In the records below, find the line containing "Кухненска мивка с" and the line containing "vagy inkább mögé". Give again exactly those lines and every line between them, omitting the pictures.

[Saved data entries]
* * * * * * *
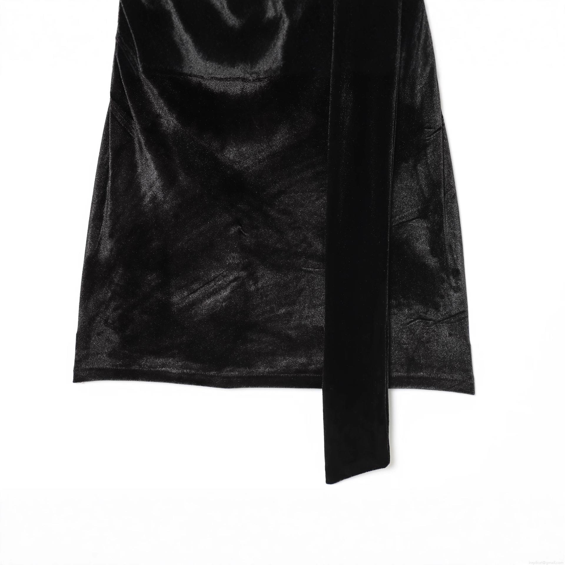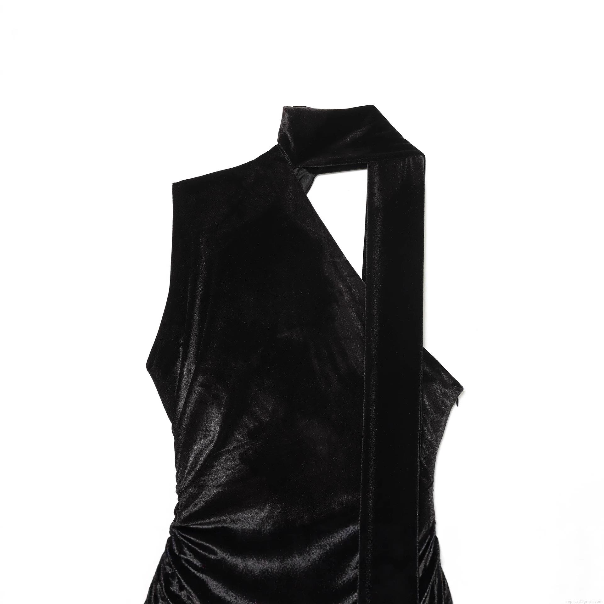 • Women's Black Velvet Halter Neck Mini Dress Sleeveless Side Ruched Irregular Hem Bodycon Party Clubwear Elegant Sexy One Piece Dress For Ladies
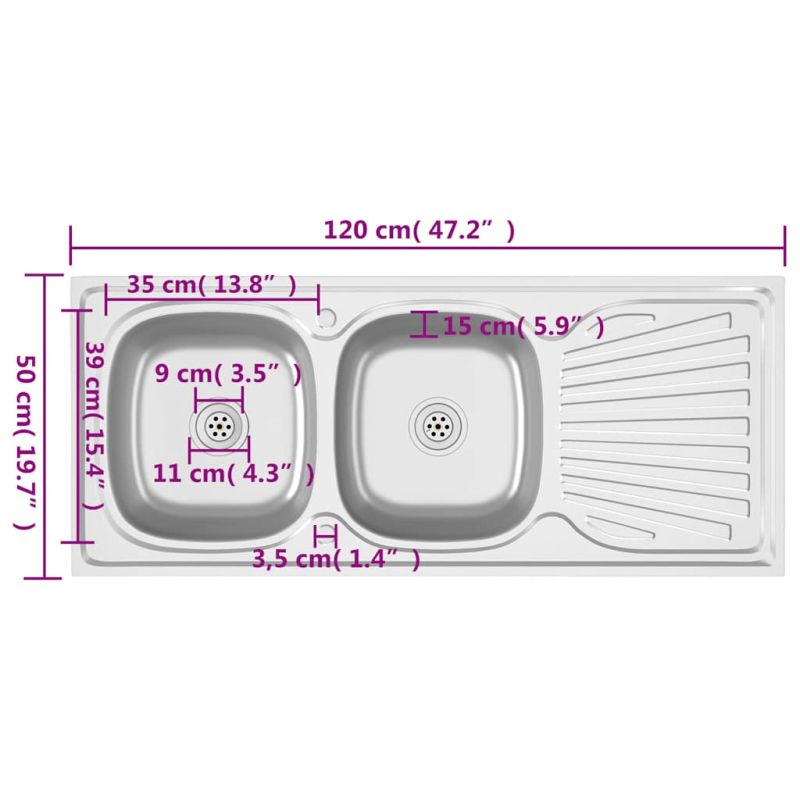 Кухненска мивка с две корита, сребриста, 1200x500x155 мм, инокс
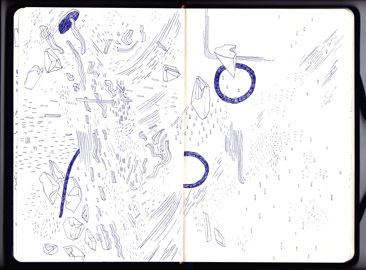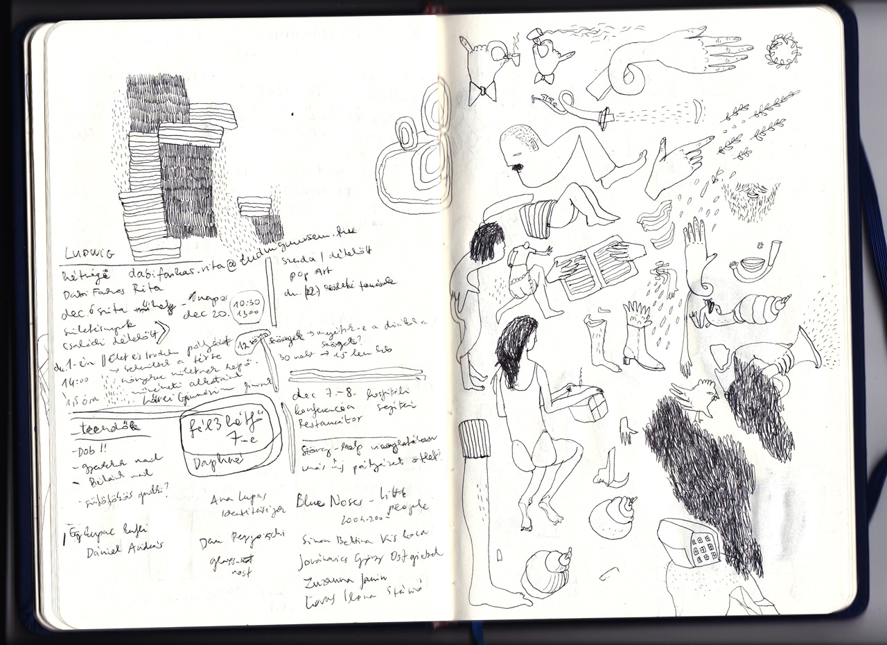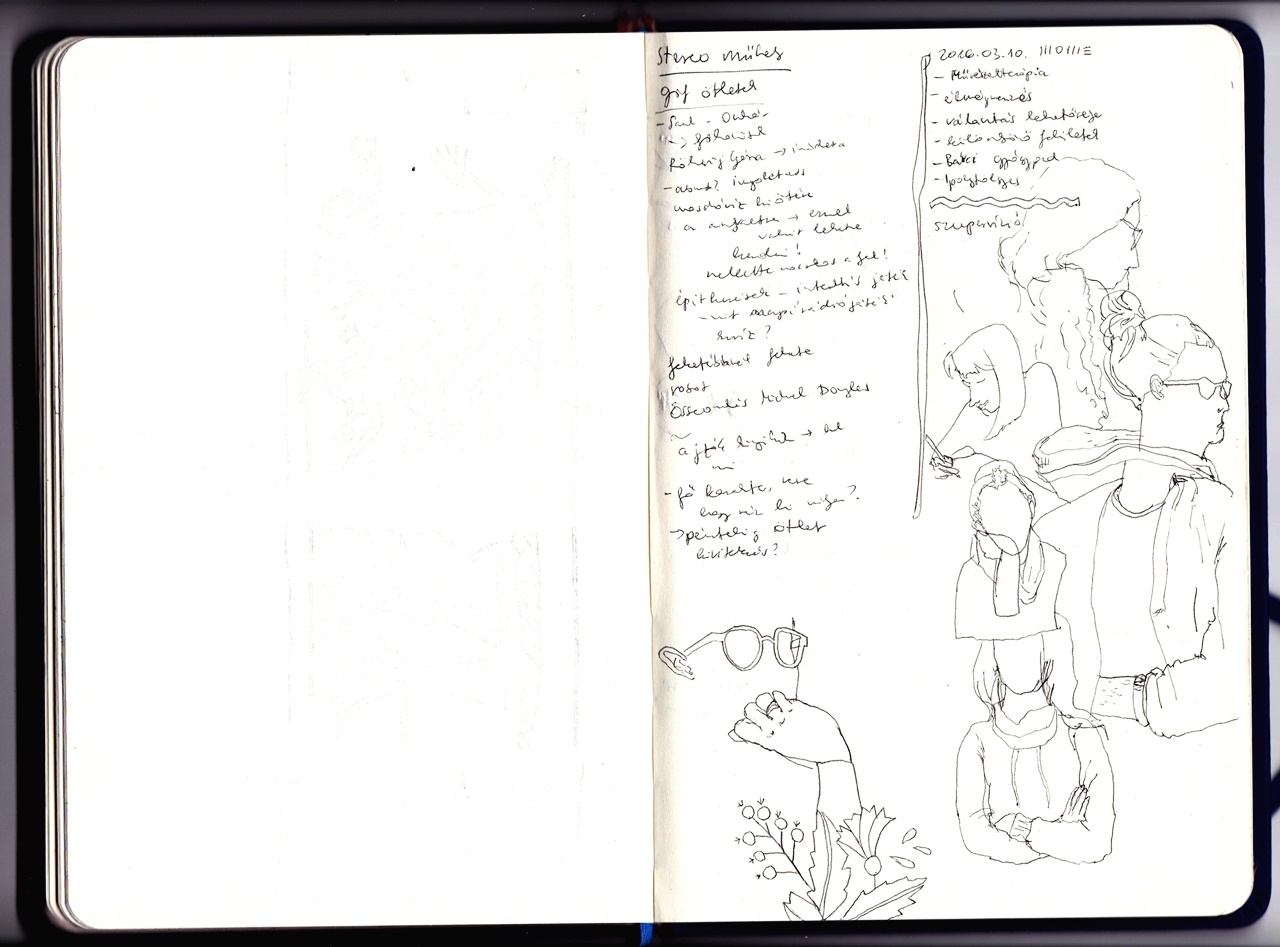 “Bele, vagy inkább mögé nézve ott a személyesség, titok, ötlet, probléma és megoldás. Egy nagyon összetett folyamat nyomait lehet tetten érni. A sketchbook egy olyan eszköz, ami felveti a személyesség-titok-nyilvánosság hármasát, az önreflexióra ad teret, ha úgy tetszik a magányra, de a közösségre is. Ott van benne az alkotói folyamat, a tervezés, a jegyzetek, az “elnefelejtsem”, a körülöttem levők, a kutyus, amerre járok, a beragasztott vagy összeszedett dolgok… a mindennapok lenyomata.”
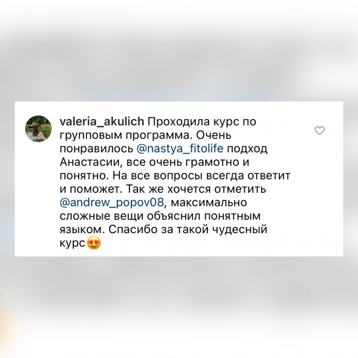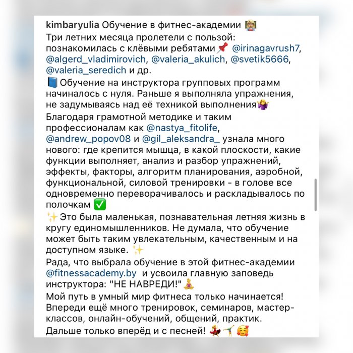 Мы ориентированы на то, чтобы вы действительно научились, а не просто прошли обучение. Каждый обучающийся пробует себя в роли инструктора во время практических занятий по перечисленным выше фитнес-направлениям.
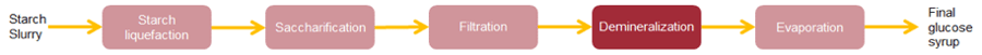 Een van deze raffinagestappen is ionenwisseling, een demineralisatiestap waarbij wij onze verdunde siropen demineraliseren met behulp van kation- en anion harsen. Het hele proces wordt weergeven in het onderstaande schema:
* * * * * * *
-- Exercise output --
 Кухненска мивка с две корита, сребриста, 1200x500x155 мм, инокс
 “Bele, vagy inkább mögé nézve ott a személyesség, titok, ötlet, probléma és megoldás. Egy nagyon összetett folyamat nyomait lehet tetten érni. A sketchbook egy olyan eszköz, ami felveti a személyesség-titok-nyilvánosság hármasát, az önreflexióra ad teret, ha úgy tetszik a magányra, de a közösségre is. Ott van benne az alkotói folyamat, a tervezés, a jegyzetek, az “elnefelejtsem”, a körülöttem levők, a kutyus, amerre járok, a beragasztott vagy összeszedett dolgok… a mindennapok lenyomata.”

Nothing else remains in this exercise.